Anyone "presuming" any invitation is going to include additional people is unreasonable too.

happypoobum · 30/11/2016 20:29

Sorry but YABU. I wouldn't expect DS to be invited to a wedding as my plus one, it would feel rather odd tbh.

I am sorry you feel down about being single - but really why do you think this makes you a second class citizen? Do you think that about other single women you meet Confused

HunterHearstHelmsley · 30/11/2016 20:30

YANBU. It's weird to invite people on their own to a wedding.

DailyMailJournosSmell · 30/11/2016 20:37

YABU although I understand why you would prefer it if your DS could come too. I think just inviting cousins and not cousins DC seems reasonable enough.

Does you son know your cousin? I guess if he was close to them then it would come as more of a surprise than if he didn't. Perhaps they thought he wouldn't be interested in going?

I also think you are also a bit U for worrying about going on you own. You will be with your siblings and, presumably other family members.

Lala105 · 30/11/2016 20:38

Crispbutty. He's always been invited before to family events and even if he wasn't specifically named, surely "plus partner" would have been fairer than assuming that just inviting me on my own would be ok.

OP posts:
SockQueen · 30/11/2016 20:39

Are any other cousins' children invited? I would guess that your cousin is not "punishing" you for being single, but wanting to be fair on everyone by only inviting a certain degree of relation - in this case cousins but not cousins' children. You won't be "on your own" as the rest of your family will be there.

BackforGood · 30/11/2016 20:41

It's weird to invite people on their own to a wedding

But OP isn't on her own. It's a family wedding.

Milzilla · 30/11/2016 20:42

I would ring and ask if he can be your plus one?

BarbarianMum · 30/11/2016 20:45

It is fine to invite single family members to a family wedding without a plus one. It's not as though the OP won't know anyone there. Hmm If you start adding plus ones to all single people that'd add a whole lot more people to the wedding.

razmataz · 30/11/2016 20:53

Umm, YABVU. Why would you assume you get a plus one? You are single, you don't have a partner. Also it's a family wedding, you'll presumably know lots of people there, so why would you need a plus one anyway?
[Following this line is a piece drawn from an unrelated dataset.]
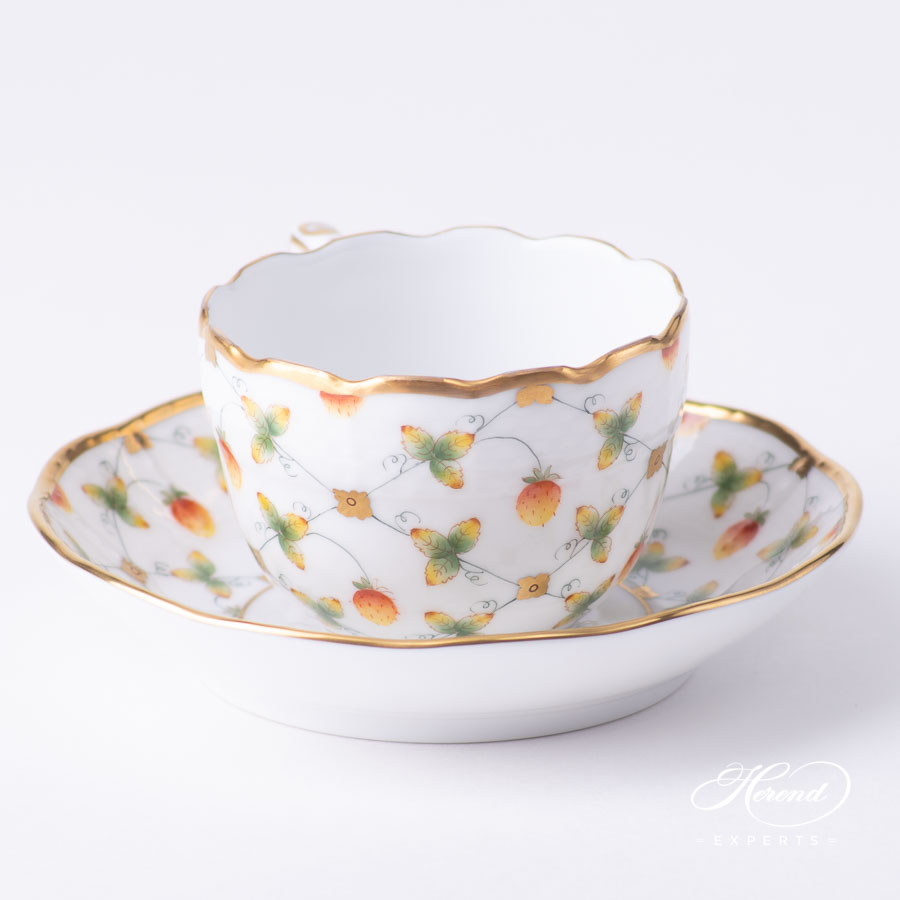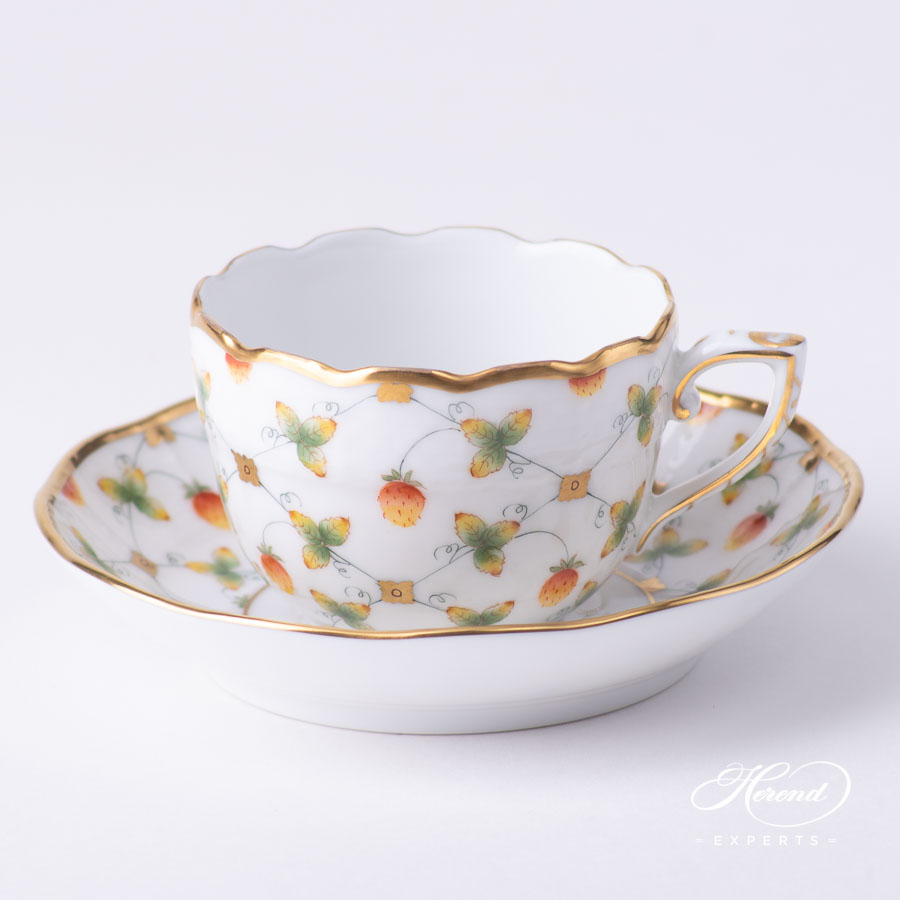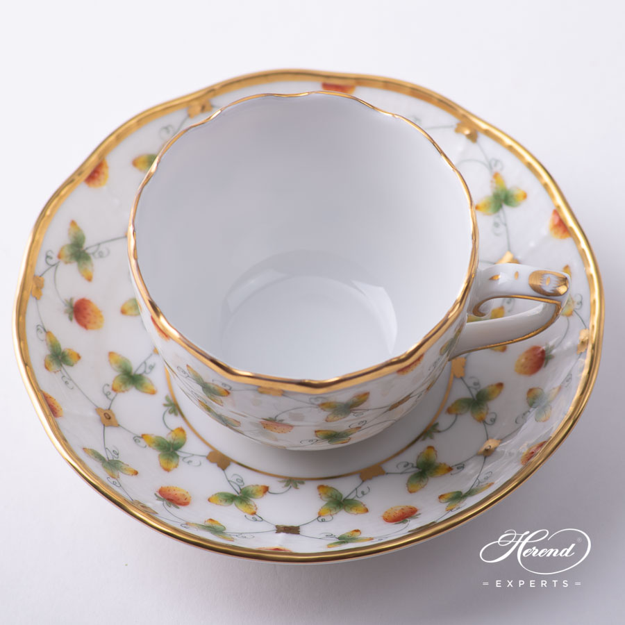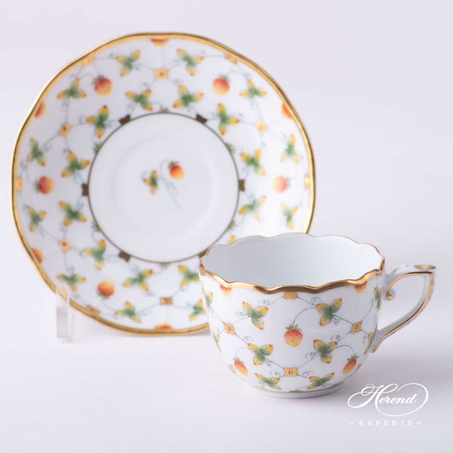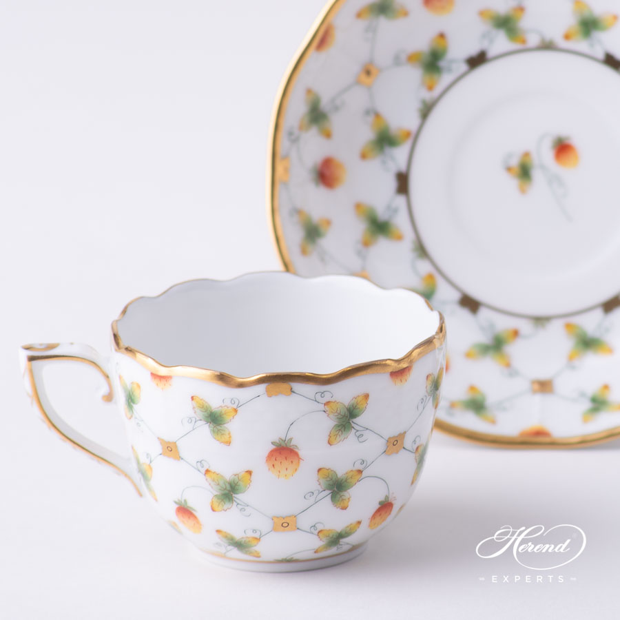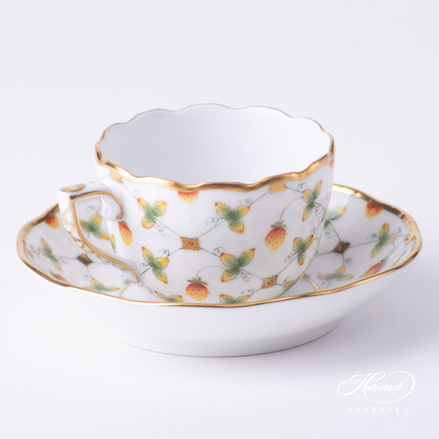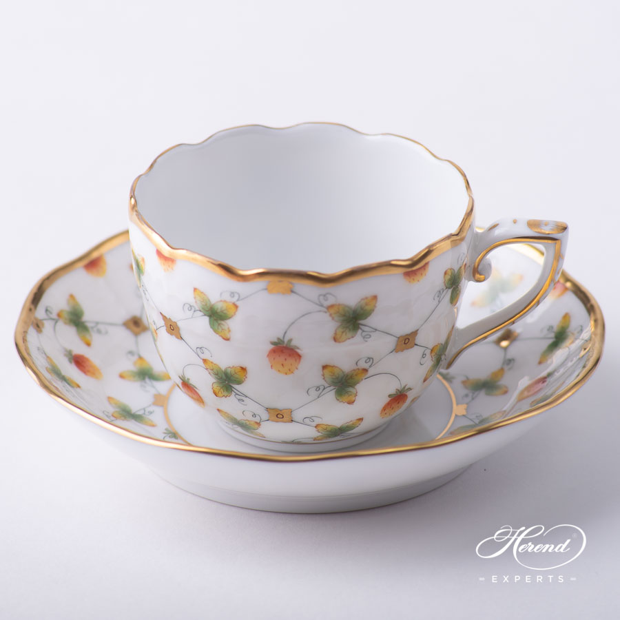 Herend porcelain Demitasse / Coffee Cup with Saucer – Herend Strawberry in Lace – FLT pattern.

Inviting your son wouldn't make you any less of a 'Bridget Jones'....

Trifleorbust · 30/11/2016 20:55

If children of cousins are not invited and plus ones generally not invited, then YABU.

crazywriter · 30/11/2016 21:02

YABU to assume and expect your son would be included. Your cousin has made a decision and there are plenty of other family members so you won't be alone. And it's not odd to invite single people alone. Weddings cost a fortune and for all single people to have plus ones would be an added expense of people the bride and groom may not even know! I've been to plenty of weddings either alone myself or where there are plenty of singles without plus ones.